| Séance annulée à l’assemblée |
La guérilla politique se poursuit. La septième séance de la session administrative de l’assemblée de Polynésie française n’a pas eu lieu, mardi matin. Une affaire de quorum et de mauvaise humeur.
Le président de l’institution n’est pas venu ouvrir la séance, la majorité To Tatou Ai’a n’a pas réussi à réunir le minimum requis de vingt-neuf représentants.
A 9 heures, la majorité s’est installée dans l’hémicycle avec un absent dans ses rangs, Hiro Tefaarere, troisième vice-président de l’assemblée. Il était en déplacement en Nouvelle-Calédonie pour participer aux cérémonies commémorant les vingt ans de l’assaut de la grotte d’Ouvéa. Le nombre total de représentants To Tatou Ai’a présent était donc de vingt-huit. Le gouvernement quasiment au complet a aussi pris place, mais l’opposition UDSP ainsi que le président de l’Assemblée, Oscar Temaru, ne se sont pas montrés de la matinée.
Une partie des représentants de l’UDSP s’est réunie autour des deux chefs de file, Oscar Temaru (UPLD) et Gaston Flosse (Tahoeraa), dans la salle des commissions. Un simple couloir a séparé les deux forces politiques, To Tatou Ai’a et UDSP. Rien n’a filtré alors sur la position qu’allait décider de prendre l’opposition : siéger ou non dans l’hémicycle.
Constat d’huissier
Aux alentours de 10h30, le président du groupe To Tatou Ai’a à l’assemblée, Jean-Christophe Bouissou, a fait appel à un huissier de justice afin que soit constatée l’absence du président de l’assemblée. Un procès verbal de « sommation interpellative » a été adressé à Oscar Temaru.

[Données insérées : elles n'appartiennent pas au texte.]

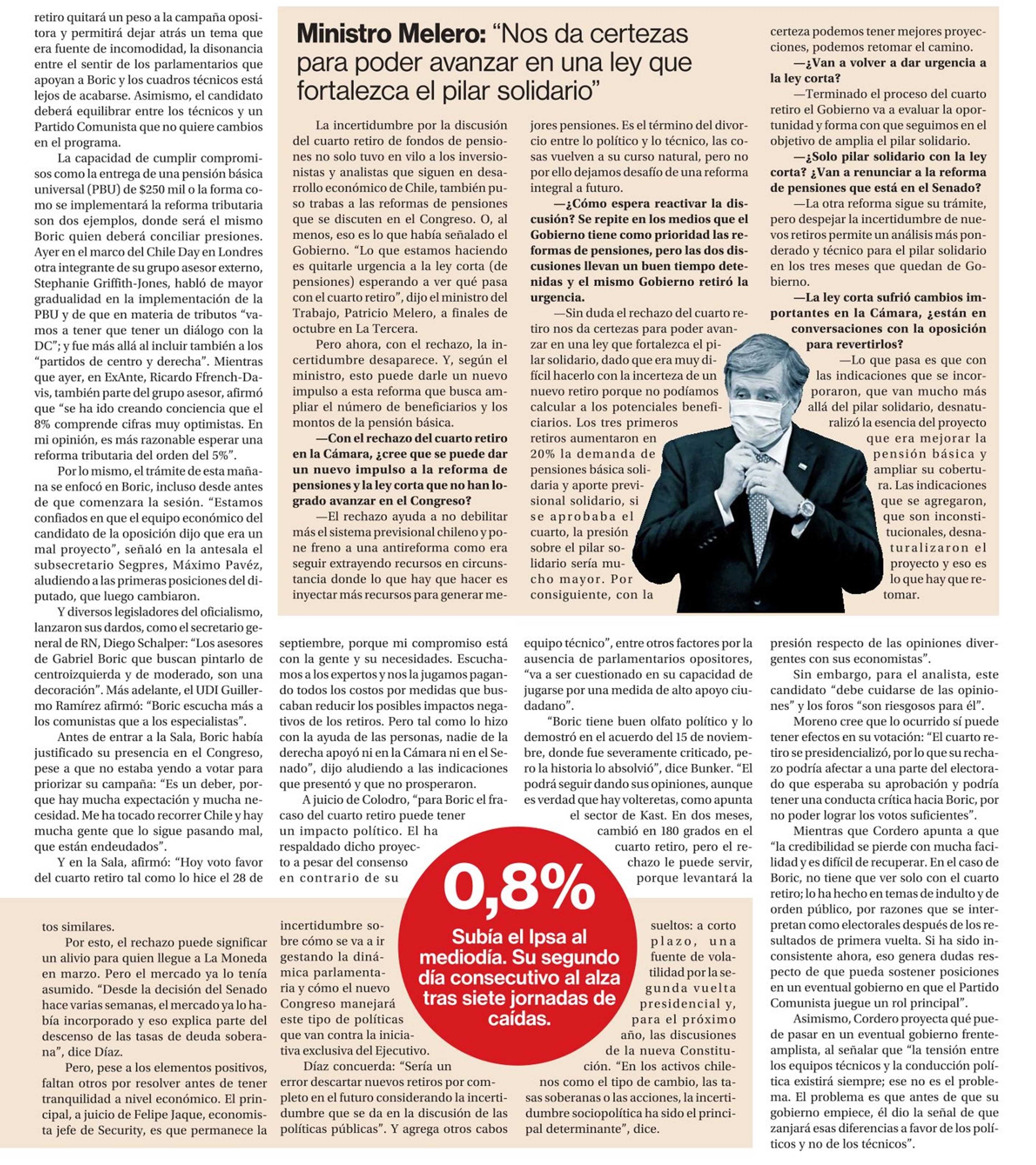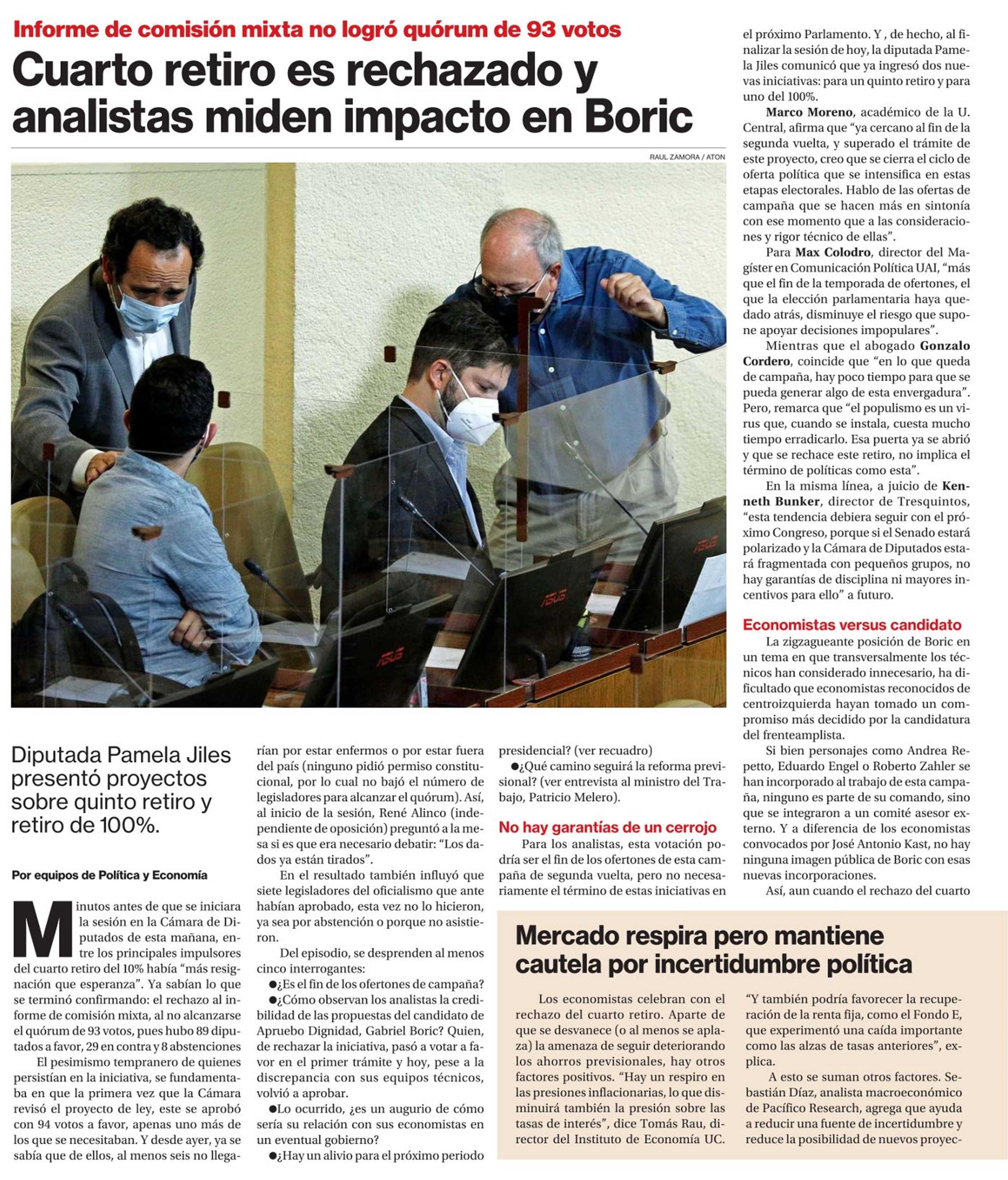 Cuarto retiro es rechazado y analistas miden impacto en Boric

Le document a ainsi posé à l’intéressé cinq questions, à savoir si oui ou non il allait ouvrir la séance, si oui, à quelle heure, et, si non, s’il sera remplacé au perchoir et par qui. Le libellé de la cinquième et dernière question est le suivant : « En cas de réponse négative à tous ces points c-i dessus, êtes-vous conscient que vous vous mettez, en votre qualité de Président de l’Assemblée de la Polynésie française, garant du bon fonctionnement de cette institution, en position d’illégalité et de blocage institutionnel ? »
A 11h30, l’huissier de justice est entré dans la salle des commissions et s’est entretenu avec le président de l’assemblée. Celui-ci a alors demandé un temps de réflexion avant de répondre aux questions. Un juriste du Tahoeraa huiraatira a ensuite rejoint les élus de l’UDSP et, après plusieurs minutes de discussion, Oscar Temaru a finalement déclaré « ne pas souhaiter répondre aux questions ».
Jean-Christophe Bouissou, président du groupe To Tatou Ai’a, a considéré qu’Oscar Temaru avait répondu par la négative à l’ensemble des questions. Il a demandé au président de la Polynésie française, Gaston Tong Sang, de faire application de l’article 119 du statut.
« Cet article prévoit qu’en cas de manquement aux fonctions de président de l’Assemblée sur le fonctionnement normal des institutions et donc de l’Assemblée, le président de gouvernement peut saisir le Haut-Commissaire pour lui demander que l’Assemblée soit convoquée dans les quarante-huit heures », a expliqué Jean-Christophe Bouissou.